**Exercise data:**

Segment Open

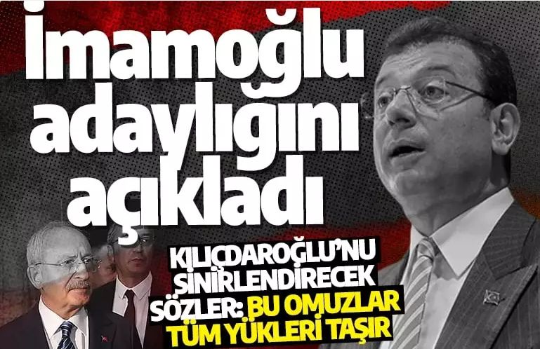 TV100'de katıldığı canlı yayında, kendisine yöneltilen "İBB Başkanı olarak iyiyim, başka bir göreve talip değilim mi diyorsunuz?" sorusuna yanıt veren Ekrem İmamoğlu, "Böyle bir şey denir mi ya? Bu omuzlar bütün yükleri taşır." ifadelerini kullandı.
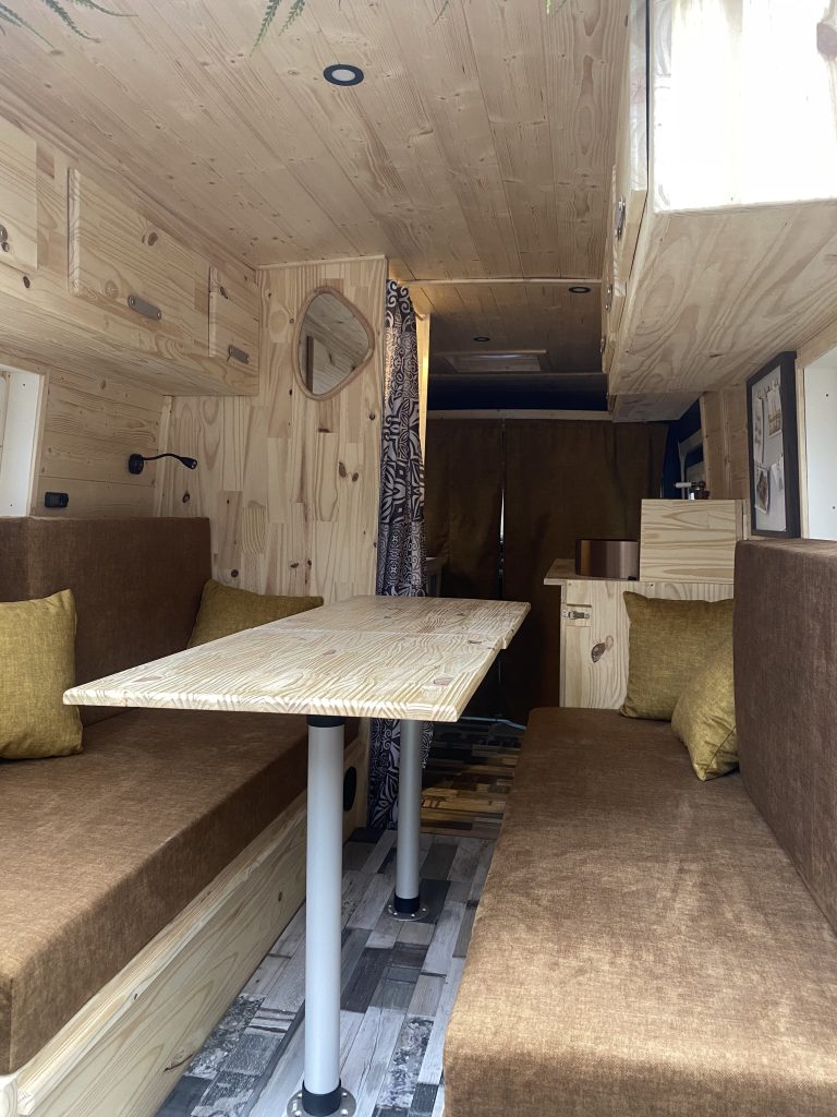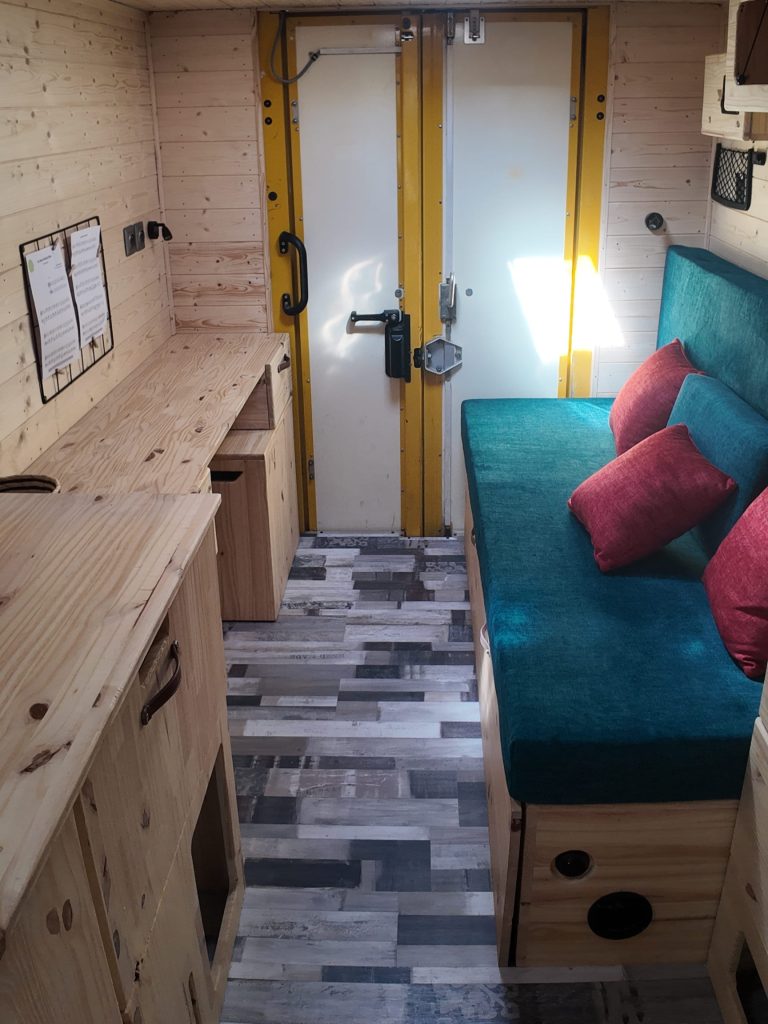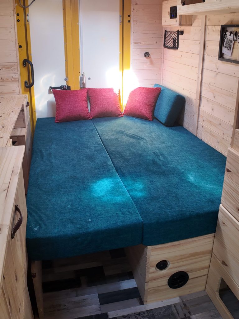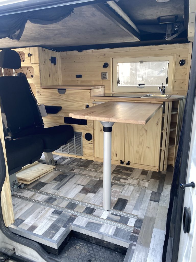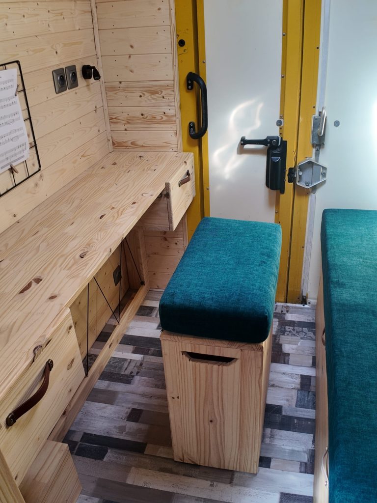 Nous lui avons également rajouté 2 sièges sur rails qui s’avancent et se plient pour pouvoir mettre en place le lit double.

Segment Closed
Segment Open

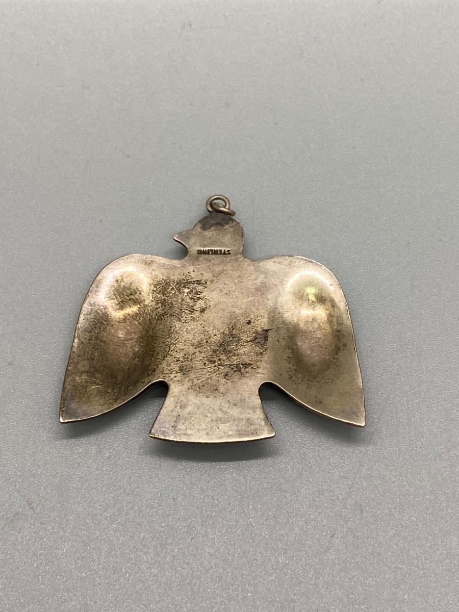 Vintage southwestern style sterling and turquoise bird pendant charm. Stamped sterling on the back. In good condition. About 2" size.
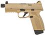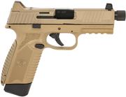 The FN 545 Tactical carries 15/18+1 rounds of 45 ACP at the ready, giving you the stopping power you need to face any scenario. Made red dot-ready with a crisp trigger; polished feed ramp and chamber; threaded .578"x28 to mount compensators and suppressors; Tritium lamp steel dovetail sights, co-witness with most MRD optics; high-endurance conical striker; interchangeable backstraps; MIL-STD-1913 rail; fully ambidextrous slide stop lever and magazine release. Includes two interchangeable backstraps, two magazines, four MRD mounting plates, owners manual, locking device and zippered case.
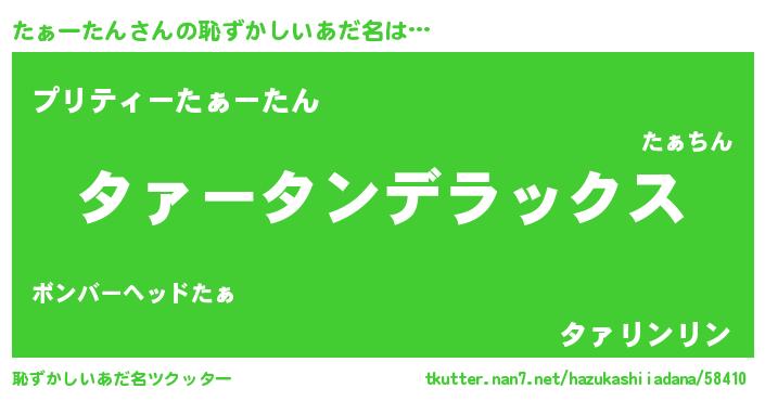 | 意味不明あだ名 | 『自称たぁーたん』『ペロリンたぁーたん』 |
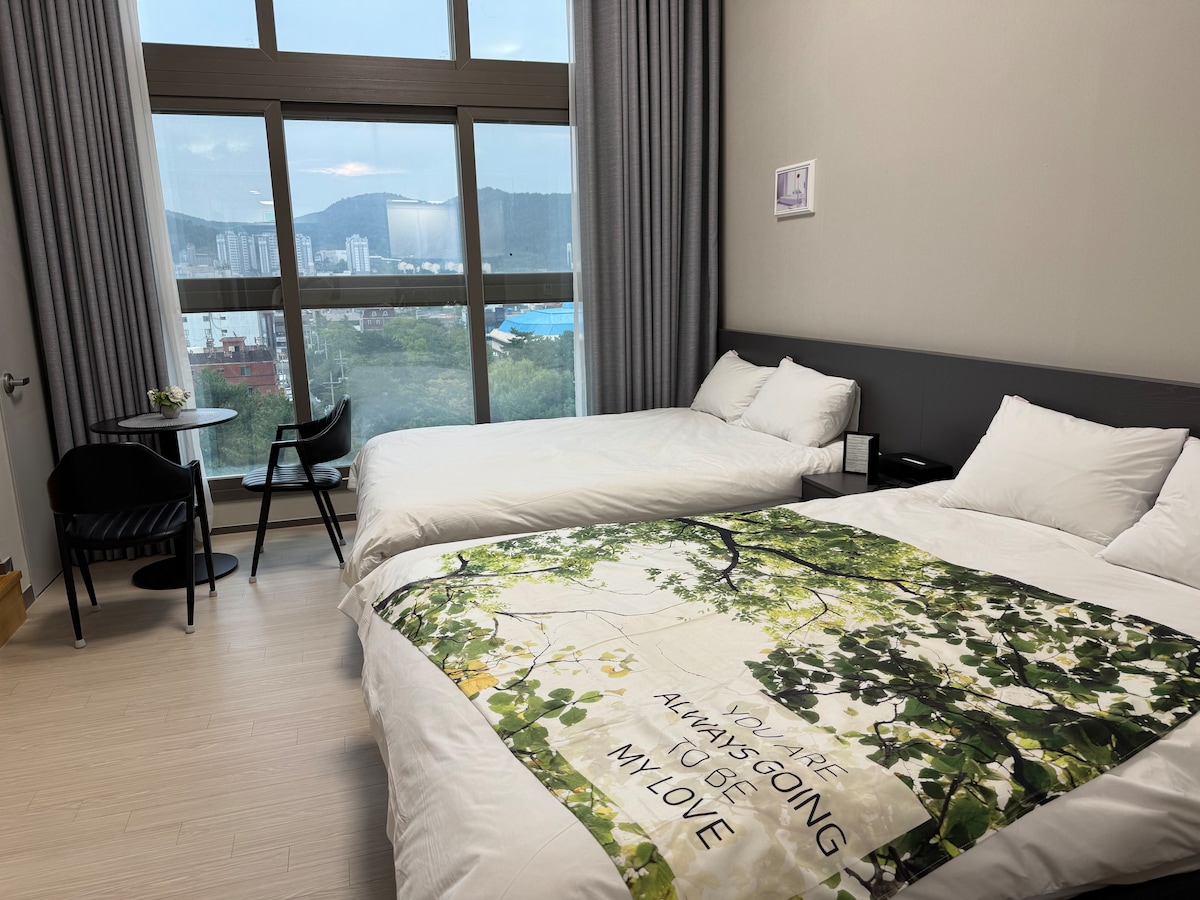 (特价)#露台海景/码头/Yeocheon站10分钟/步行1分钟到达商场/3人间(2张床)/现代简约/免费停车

Segment Closed
Segment Open

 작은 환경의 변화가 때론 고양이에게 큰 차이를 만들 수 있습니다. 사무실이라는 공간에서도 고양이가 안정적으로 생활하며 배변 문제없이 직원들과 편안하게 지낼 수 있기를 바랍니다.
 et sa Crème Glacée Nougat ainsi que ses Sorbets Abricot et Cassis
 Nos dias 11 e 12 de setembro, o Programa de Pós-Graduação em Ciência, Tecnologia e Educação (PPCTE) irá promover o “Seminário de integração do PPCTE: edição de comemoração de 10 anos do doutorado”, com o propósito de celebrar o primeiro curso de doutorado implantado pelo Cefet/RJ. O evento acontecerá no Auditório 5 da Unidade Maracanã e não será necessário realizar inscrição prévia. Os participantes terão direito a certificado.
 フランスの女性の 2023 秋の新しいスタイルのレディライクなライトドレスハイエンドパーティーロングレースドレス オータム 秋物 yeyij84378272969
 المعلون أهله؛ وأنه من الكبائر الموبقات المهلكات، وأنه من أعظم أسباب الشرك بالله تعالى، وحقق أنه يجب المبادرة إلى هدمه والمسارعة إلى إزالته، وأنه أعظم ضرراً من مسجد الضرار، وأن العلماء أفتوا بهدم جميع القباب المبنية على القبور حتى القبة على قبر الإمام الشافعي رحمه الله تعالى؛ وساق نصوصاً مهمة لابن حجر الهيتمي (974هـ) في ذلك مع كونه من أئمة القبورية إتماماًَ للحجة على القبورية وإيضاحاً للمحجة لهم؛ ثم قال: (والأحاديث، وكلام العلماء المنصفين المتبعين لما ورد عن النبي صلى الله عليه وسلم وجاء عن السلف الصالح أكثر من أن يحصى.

Segment Closed

In the entries above, please find the line with "작은 환경의 변화가 때론" and the line with "フランスの女性の 2023 秋の新しいスタイルのレディライクなライトドレスハイエンドパーティーロングレースドレス", then write out exactly those two lines and every line between them, and nothing more.

 작은 환경의 변화가 때론 고양이에게 큰 차이를 만들 수 있습니다. 사무실이라는 공간에서도 고양이가 안정적으로 생활하며 배변 문제없이 직원들과 편안하게 지낼 수 있기를 바랍니다.
 et sa Crème Glacée Nougat ainsi que ses Sorbets Abricot et Cassis
 Nos dias 11 e 12 de setembro, o Programa de Pós-Graduação em Ciência, Tecnologia e Educação (PPCTE) irá promover o “Seminário de integração do PPCTE: edição de comemoração de 10 anos do doutorado”, com o propósito de celebrar o primeiro curso de doutorado implantado pelo Cefet/RJ. O evento acontecerá no Auditório 5 da Unidade Maracanã e não será necessário realizar inscrição prévia. Os participantes terão direito a certificado.
 フランスの女性の 2023 秋の新しいスタイルのレディライクなライトドレスハイエンドパーティーロングレースドレス オータム 秋物 yeyij84378272969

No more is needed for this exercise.